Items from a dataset
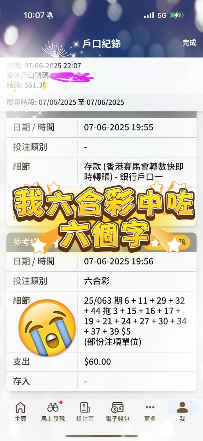 Theo thông tin từ Jockey Club – đơn vị tổ chức xổ số Mark Six – kết quả kỳ quay số thứ 63 bao gồm các con số 9, 15, 27, 30, 34, 39 và số đặc biệt 19. Với dãy số này, có một người đã lựa chọn đúng toàn bộ các con số trúng, thậm chí bao gồm cả số đặc biệt. Thế nhưng, anh không đủ điều kiện để lĩnh thưởng – một sự thật nghiệt ngã khiến anh đăng ảnh chụp màn hình và chia sẻ đầy chua chát: “Tôi đã chọn đúng cả 6 số, lần đầu tiên trong đời, nhưng vẫn tay trắng… chỉ vì không có tiền nhận giải!”.
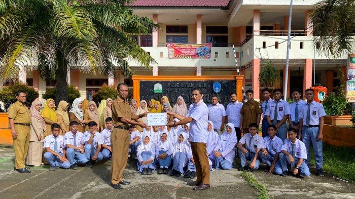 Bantuan tersebut diserahkan oleh Waka Kesiswaan, Gus Rizal S.Pd mewakili Kepala Sekolah, Afnidar, S.Pd kepada Ketua Lazismu Tapaktuan, Dedy Sastra, S.Ag, Senin (23/10/2023).
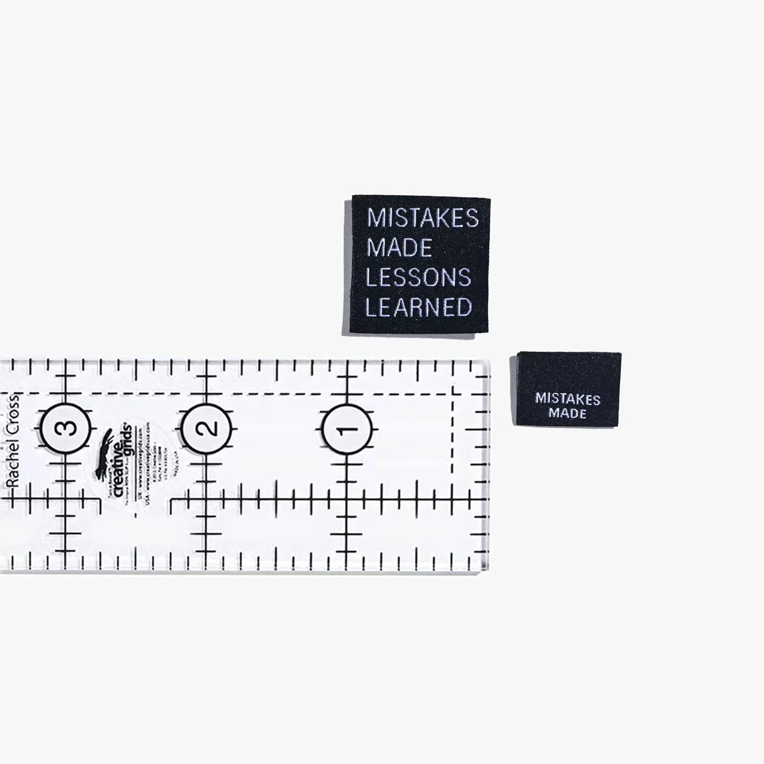 Motivational woven labels reading 'Mistakes Made Lessons Learned' in side seam and end fold styles by Kylie and the Machine - for proud skill-building sewists
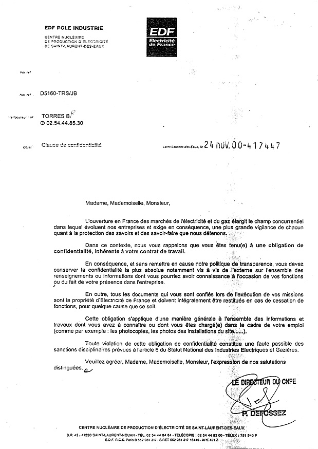 EDF de cette clause de confidentialité signifie limpossibilité
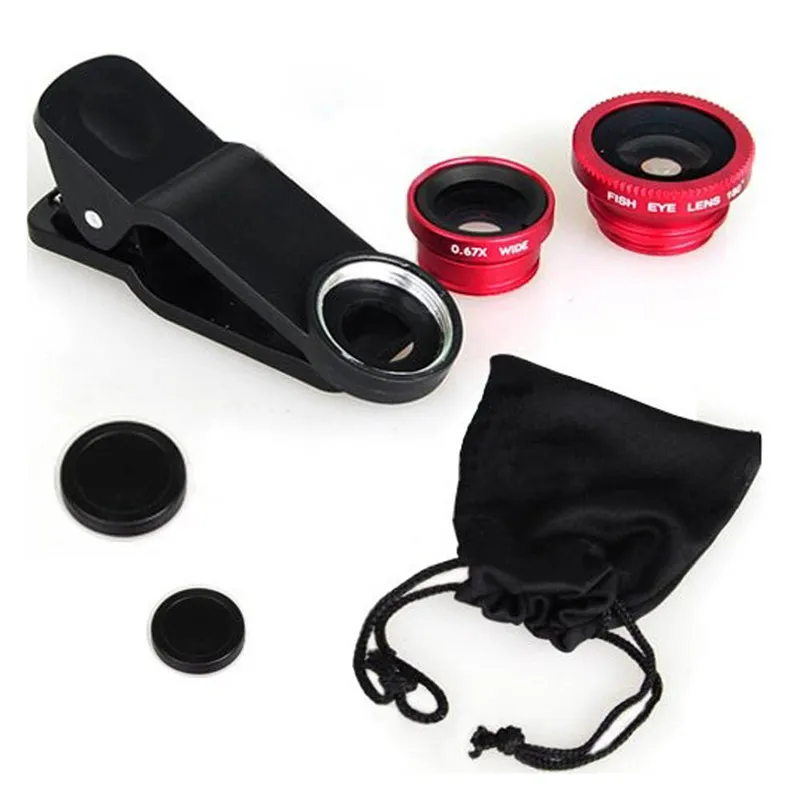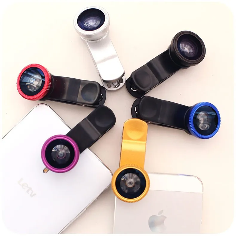 Объективы для телефона 3 в 1 (рыбий глаз, широкоугольная, макролинза)(золота,бордовый,темно-синый
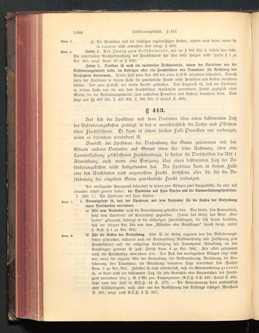 «nm. 8. Zusatz 1. Ein Zwang zum Selbsteintritt, wie im Z 384 Abs. 3, besteht hier nicht.Die unterlassene Namhaftinachung des Frachführers hat hier diese Folgen nicht (Hahn Z 1 zuArt. 385; vergl. Anm. 28 zu Z 408).
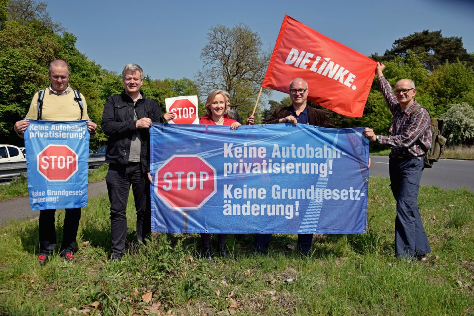 Mit einer Aktion am Bonner Verteilerkreis, machte heute DIE LINKE. zusammen mit der Direktkandidatin für den Landtag NRW, Gunda Wienke, und dem Bundestagsabgeordneten Matthias W. Birkwald, auf die drohende Privatisierung der Bundesautobahnen aufmerksam.Schon in der kommenden Sitzungswoche will die große Koalition eine Grundgesetzänderung durchbringen, um damit die Bundesautobahnen an Finanzinvestoren zu verkaufen. DIE LINKE. stellt sich gegen die Privatisierung und den Ausverkauf der Bundesautobahnen.
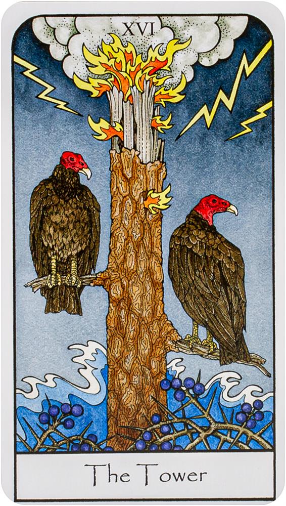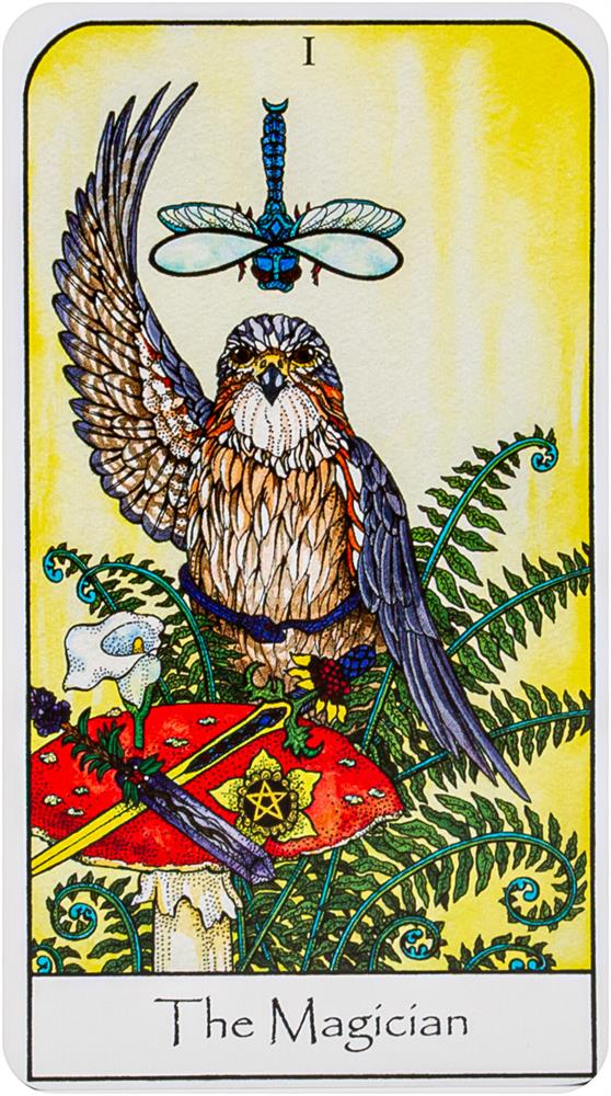 In the accompanying guidebook, each card is given a two-page description that opens with the traditional Tarot meaning of the card, followed by a detailed explanation of the symbolic meaning of the specific plants and animals the card features. For example, on the cover, the Magician card shows a Merlin Falcon, Amanita Muscaria mushroom, Western Sword Fern, and the Eastern Pondhawk Dragonfly--each of these life forms was chosen because it represents one or more aspects of the Magician’s meaning in the Tarot. The book explains the connections between each form shown and the card’s Tarot archetype, further illuminating the meaning of the card and how it relates to the natural world, personal development, and the journey of the soul.

* **How to complete this task**
Your copy of the entries must be exact and must not include any of their pictures.

* **Response area**
 Theo thông tin từ Jockey Club – đơn vị tổ chức xổ số Mark Six – kết quả kỳ quay số thứ 63 bao gồm các con số 9, 15, 27, 30, 34, 39 và số đặc biệt 19. Với dãy số này, có một người đã lựa chọn đúng toàn bộ các con số trúng, thậm chí bao gồm cả số đặc biệt. Thế nhưng, anh không đủ điều kiện để lĩnh thưởng – một sự thật nghiệt ngã khiến anh đăng ảnh chụp màn hình và chia sẻ đầy chua chát: “Tôi đã chọn đúng cả 6 số, lần đầu tiên trong đời, nhưng vẫn tay trắng… chỉ vì không có tiền nhận giải!”.
 Bantuan tersebut diserahkan oleh Waka Kesiswaan, Gus Rizal S.Pd mewakili Kepala Sekolah, Afnidar, S.Pd kepada Ketua Lazismu Tapaktuan, Dedy Sastra, S.Ag, Senin (23/10/2023).
 Motivational woven labels reading 'Mistakes Made Lessons Learned' in side seam and end fold styles by Kylie and the Machine - for proud skill-building sewists
 EDF de cette clause de confidentialité signifie limpossibilité
 Объективы для телефона 3 в 1 (рыбий глаз, широкоугольная, макролинза)(золота,бордовый,темно-синый
 «nm. 8. Zusatz 1. Ein Zwang zum Selbsteintritt, wie im Z 384 Abs. 3, besteht hier nicht.Die unterlassene Namhaftinachung des Frachführers hat hier diese Folgen nicht (Hahn Z 1 zuArt. 385; vergl. Anm. 28 zu Z 408).
 Mit einer Aktion am Bonner Verteilerkreis, machte heute DIE LINKE. zusammen mit der Direktkandidatin für den Landtag NRW, Gunda Wienke, und dem Bundestagsabgeordneten Matthias W. Birkwald, auf die drohende Privatisierung der Bundesautobahnen aufmerksam.Schon in der kommenden Sitzungswoche will die große Koalition eine Grundgesetzänderung durchbringen, um damit die Bundesautobahnen an Finanzinvestoren zu verkaufen. DIE LINKE. stellt sich gegen die Privatisierung und den Ausverkauf der Bundesautobahnen.
 In the accompanying guidebook, each card is given a two-page description that opens with the traditional Tarot meaning of the card, followed by a detailed explanation of the symbolic meaning of the specific plants and animals the card features. For example, on the cover, the Magician card shows a Merlin Falcon, Amanita Muscaria mushroom, Western Sword Fern, and the Eastern Pondhawk Dragonfly--each of these life forms was chosen because it represents one or more aspects of the Magician’s meaning in the Tarot. The book explains the connections between each form shown and the card’s Tarot archetype, further illuminating the meaning of the card and how it relates to the natural world, personal development, and the journey of the soul.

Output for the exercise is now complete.